Leaving out every picture, copy the lines of the material below exactly, from the line containing "Thông tin sản" through the line containing "32 square restaurant".

• **Source data**
»»

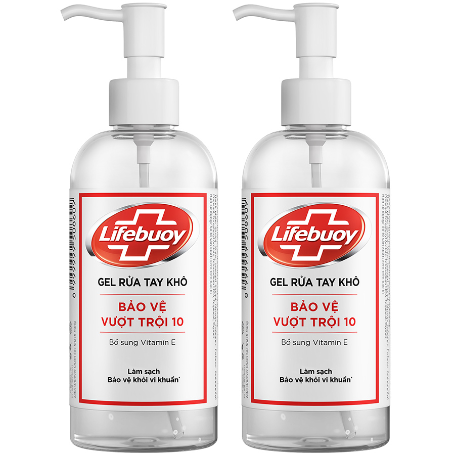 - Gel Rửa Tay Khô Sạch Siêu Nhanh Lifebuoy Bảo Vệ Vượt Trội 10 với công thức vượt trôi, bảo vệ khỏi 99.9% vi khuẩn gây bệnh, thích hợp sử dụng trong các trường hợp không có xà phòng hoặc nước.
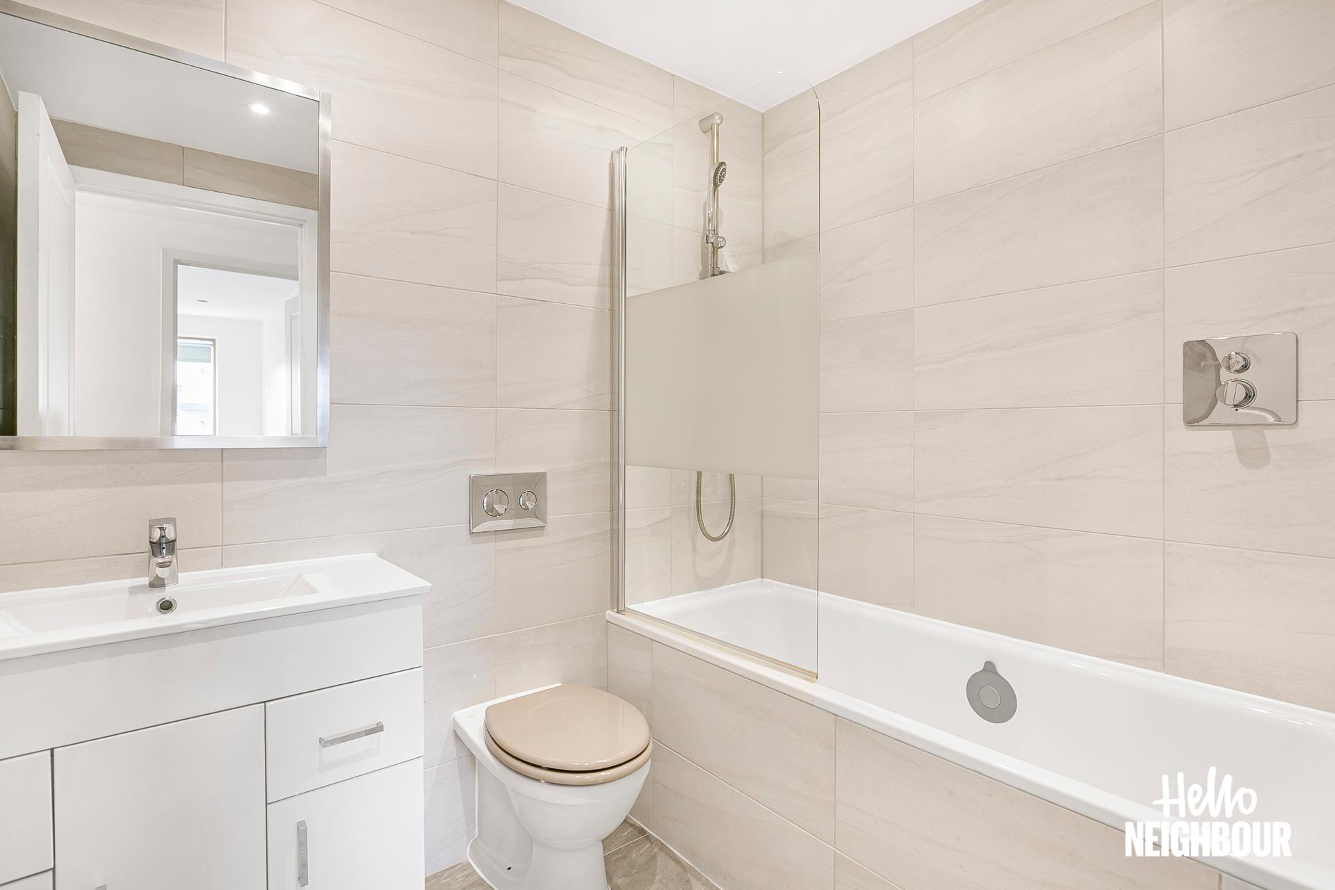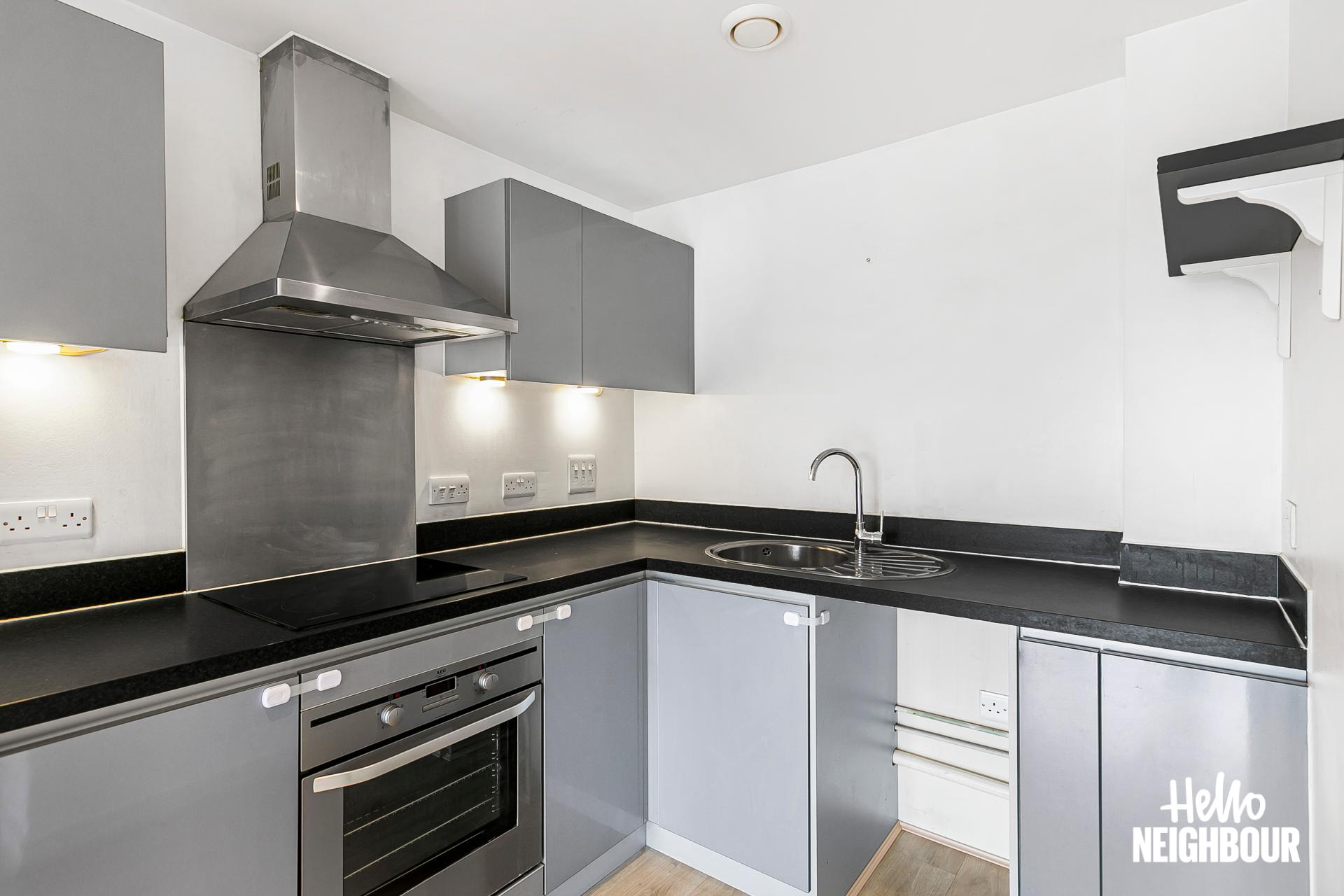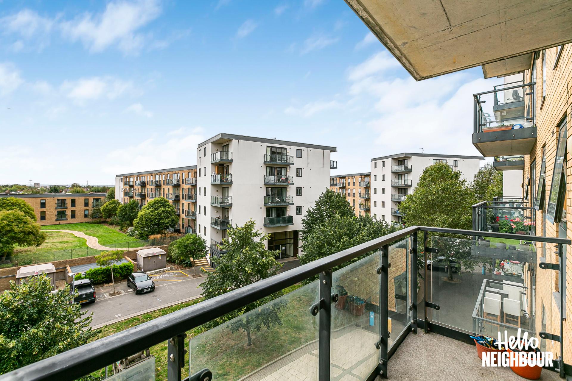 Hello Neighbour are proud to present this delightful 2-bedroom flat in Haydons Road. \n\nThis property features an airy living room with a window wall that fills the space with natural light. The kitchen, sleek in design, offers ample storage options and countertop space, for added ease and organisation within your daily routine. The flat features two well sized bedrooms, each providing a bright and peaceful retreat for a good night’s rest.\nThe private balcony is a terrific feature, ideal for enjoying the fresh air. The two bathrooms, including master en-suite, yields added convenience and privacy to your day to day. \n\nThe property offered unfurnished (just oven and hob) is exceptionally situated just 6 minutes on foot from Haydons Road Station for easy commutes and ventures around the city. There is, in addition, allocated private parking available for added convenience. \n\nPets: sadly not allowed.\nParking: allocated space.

««
»»

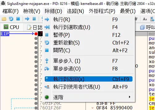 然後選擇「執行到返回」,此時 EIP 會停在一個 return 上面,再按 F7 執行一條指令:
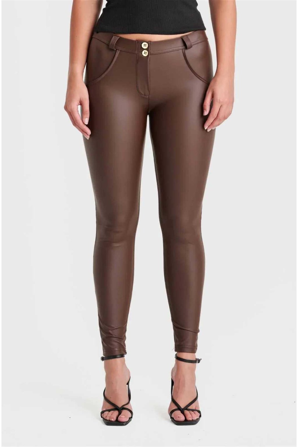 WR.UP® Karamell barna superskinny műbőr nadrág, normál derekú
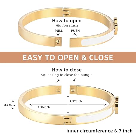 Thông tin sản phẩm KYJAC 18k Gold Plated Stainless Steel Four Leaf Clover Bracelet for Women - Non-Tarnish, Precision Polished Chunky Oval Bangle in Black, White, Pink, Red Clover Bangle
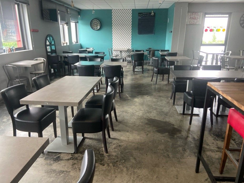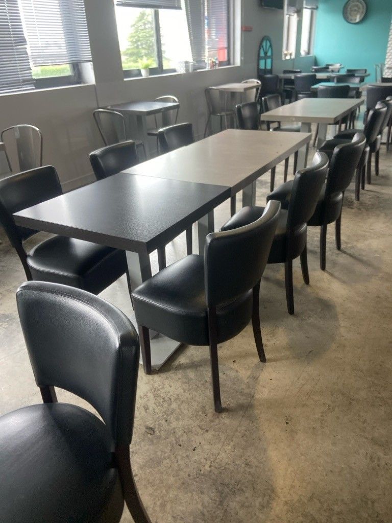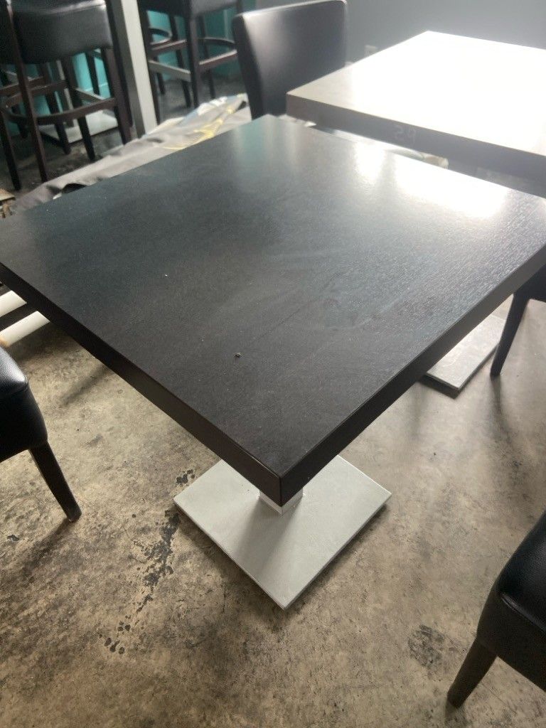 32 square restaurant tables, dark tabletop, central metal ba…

««

• **Your solution**
 Thông tin sản phẩm KYJAC 18k Gold Plated Stainless Steel Four Leaf Clover Bracelet for Women - Non-Tarnish, Precision Polished Chunky Oval Bangle in Black, White, Pink, Red Clover Bangle
 32 square restaurant tables, dark tabletop, central metal ba…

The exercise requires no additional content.